Would you print the lines below exactly, beginning at the line that has "Nach Ihrer Anmeldung" and stopping after the line that has "von einem System."? Only those lines, and no pictures.

## [Data to examine]
######

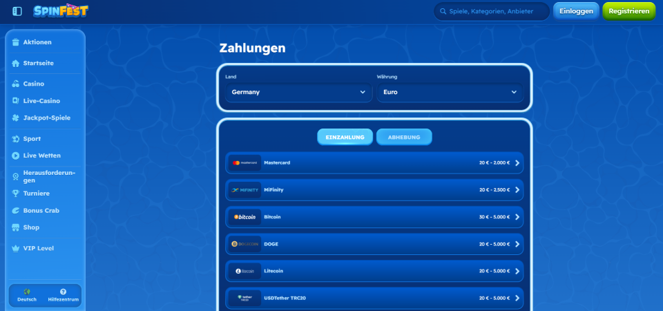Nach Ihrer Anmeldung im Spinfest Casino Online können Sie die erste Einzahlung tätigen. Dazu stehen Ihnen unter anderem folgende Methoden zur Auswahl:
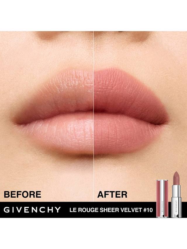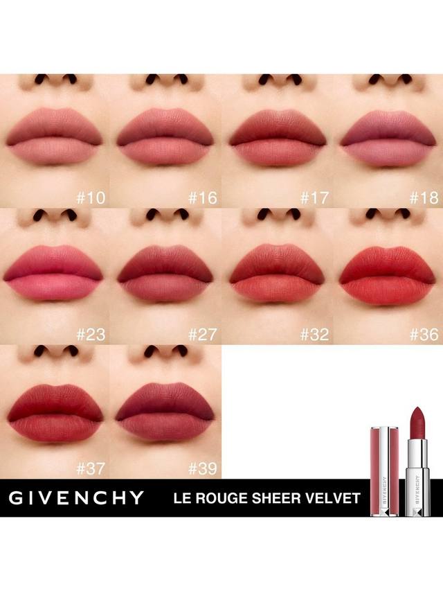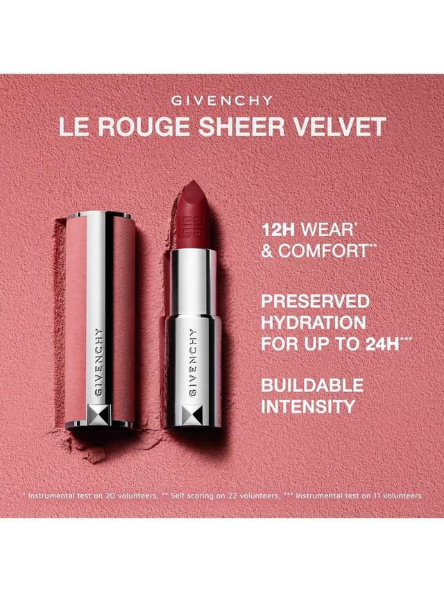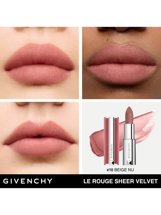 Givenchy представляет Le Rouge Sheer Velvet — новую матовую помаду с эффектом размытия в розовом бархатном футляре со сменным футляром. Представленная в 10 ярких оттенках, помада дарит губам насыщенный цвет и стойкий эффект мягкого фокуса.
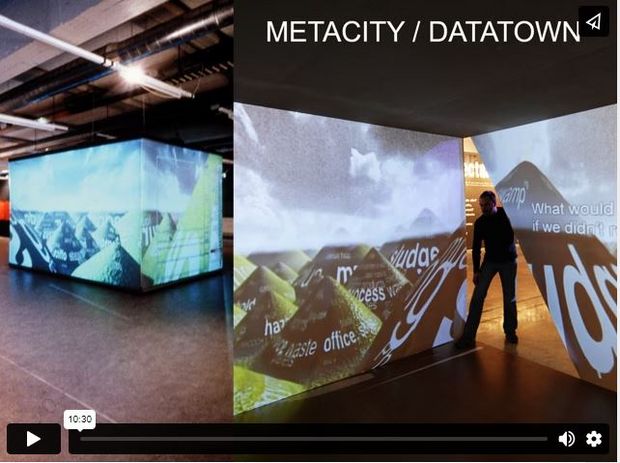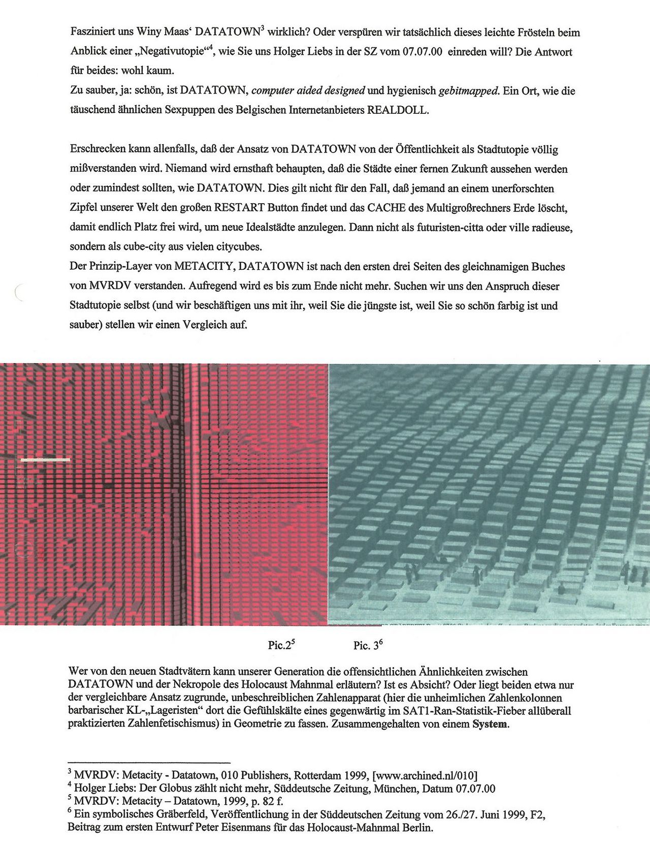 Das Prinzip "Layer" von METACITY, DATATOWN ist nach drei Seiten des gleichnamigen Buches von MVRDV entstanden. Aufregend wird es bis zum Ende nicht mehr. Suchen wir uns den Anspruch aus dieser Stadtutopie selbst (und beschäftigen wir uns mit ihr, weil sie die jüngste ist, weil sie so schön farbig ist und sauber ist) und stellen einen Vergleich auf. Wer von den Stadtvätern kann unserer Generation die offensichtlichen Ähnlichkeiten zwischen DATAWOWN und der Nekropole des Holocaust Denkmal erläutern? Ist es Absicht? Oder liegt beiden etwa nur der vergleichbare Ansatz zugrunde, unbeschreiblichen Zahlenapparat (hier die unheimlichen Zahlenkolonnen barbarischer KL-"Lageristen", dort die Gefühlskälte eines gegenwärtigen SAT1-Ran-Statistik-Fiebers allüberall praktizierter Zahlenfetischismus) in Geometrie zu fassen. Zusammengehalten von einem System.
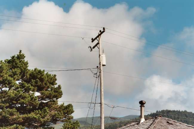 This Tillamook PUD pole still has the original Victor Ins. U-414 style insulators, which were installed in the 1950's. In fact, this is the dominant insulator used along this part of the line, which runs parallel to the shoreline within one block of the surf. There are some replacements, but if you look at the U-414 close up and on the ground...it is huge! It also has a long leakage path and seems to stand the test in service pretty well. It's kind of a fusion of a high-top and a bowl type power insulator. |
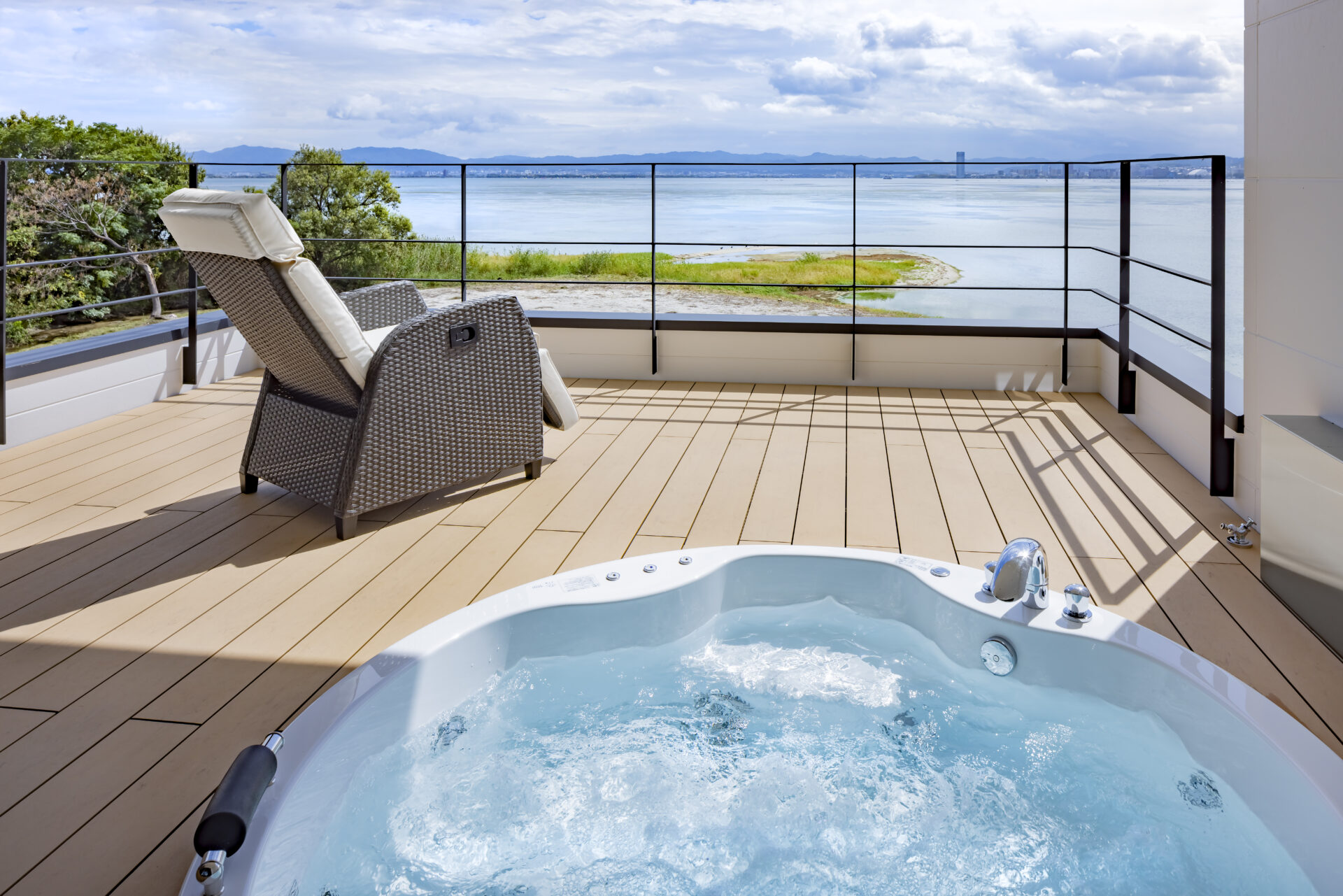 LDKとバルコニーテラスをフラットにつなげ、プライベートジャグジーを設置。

######

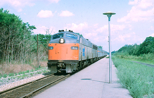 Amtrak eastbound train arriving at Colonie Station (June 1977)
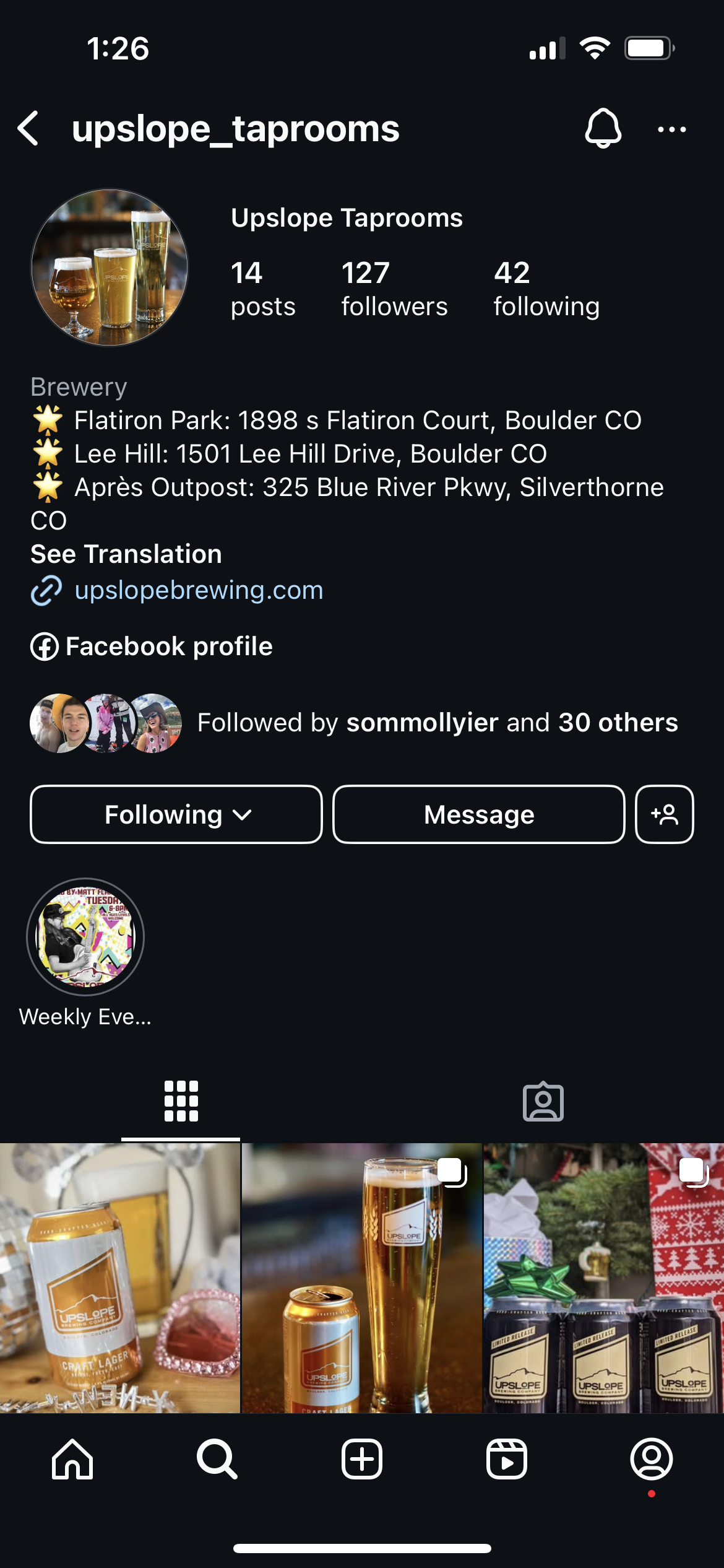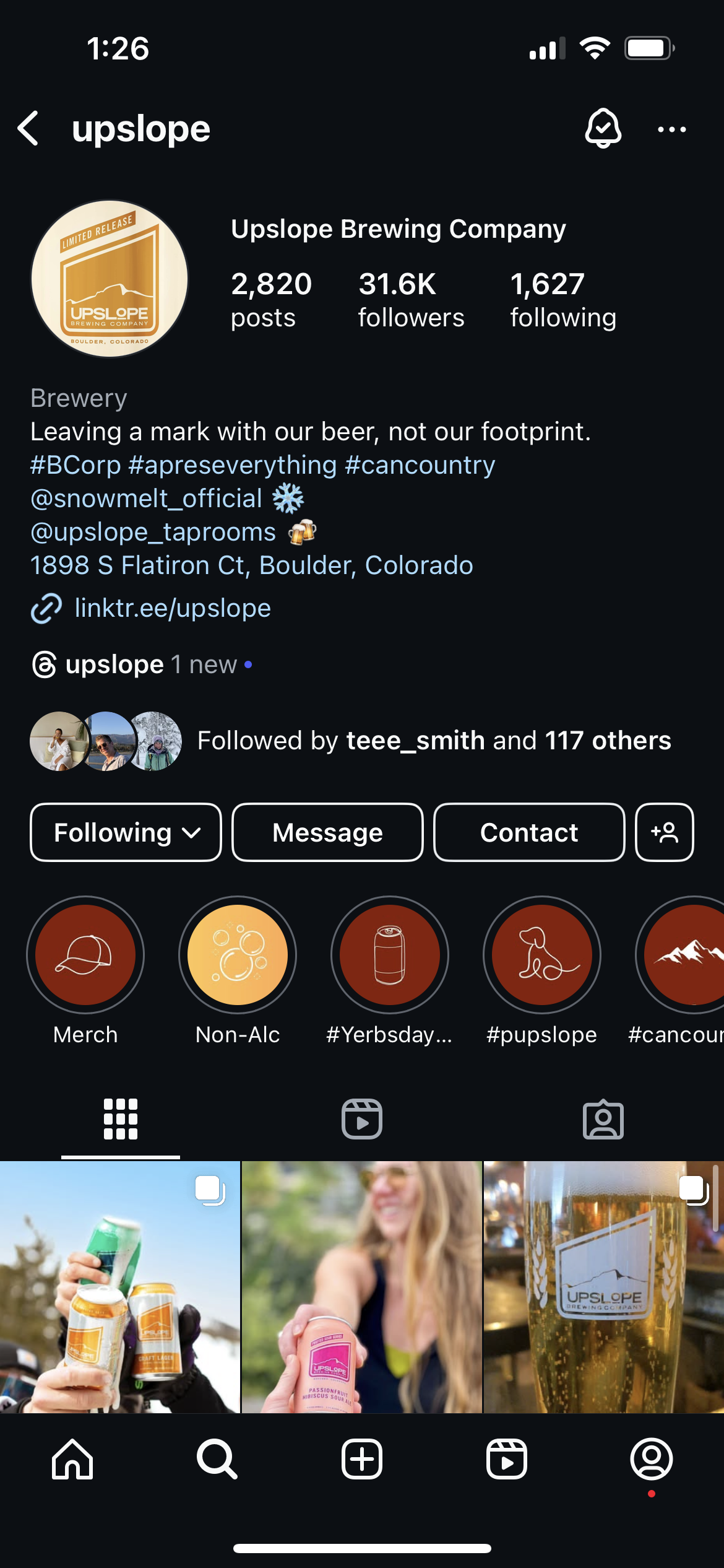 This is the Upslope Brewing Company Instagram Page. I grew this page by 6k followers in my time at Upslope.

######

## [Solution]
Nach Ihrer Anmeldung im Spinfest Casino Online können Sie die erste Einzahlung tätigen. Dazu stehen Ihnen unter anderem folgende Methoden zur Auswahl:
 Givenchy представляет Le Rouge Sheer Velvet — новую матовую помаду с эффектом размытия в розовом бархатном футляре со сменным футляром. Представленная в 10 ярких оттенках, помада дарит губам насыщенный цвет и стойкий эффект мягкого фокуса.
 Das Prinzip "Layer" von METACITY, DATATOWN ist nach drei Seiten des gleichnamigen Buches von MVRDV entstanden. Aufregend wird es bis zum Ende nicht mehr. Suchen wir uns den Anspruch aus dieser Stadtutopie selbst (und beschäftigen wir uns mit ihr, weil sie die jüngste ist, weil sie so schön farbig ist und sauber ist) und stellen einen Vergleich auf. Wer von den Stadtvätern kann unserer Generation die offensichtlichen Ähnlichkeiten zwischen DATAWOWN und der Nekropole des Holocaust Denkmal erläutern? Ist es Absicht? Oder liegt beiden etwa nur der vergleichbare Ansatz zugrunde, unbeschreiblichen Zahlenapparat (hier die unheimlichen Zahlenkolonnen barbarischer KL-"Lageristen", dort die Gefühlskälte eines gegenwärtigen SAT1-Ran-Statistik-Fiebers allüberall praktizierter Zahlenfetischismus) in Geometrie zu fassen. Zusammengehalten von einem System.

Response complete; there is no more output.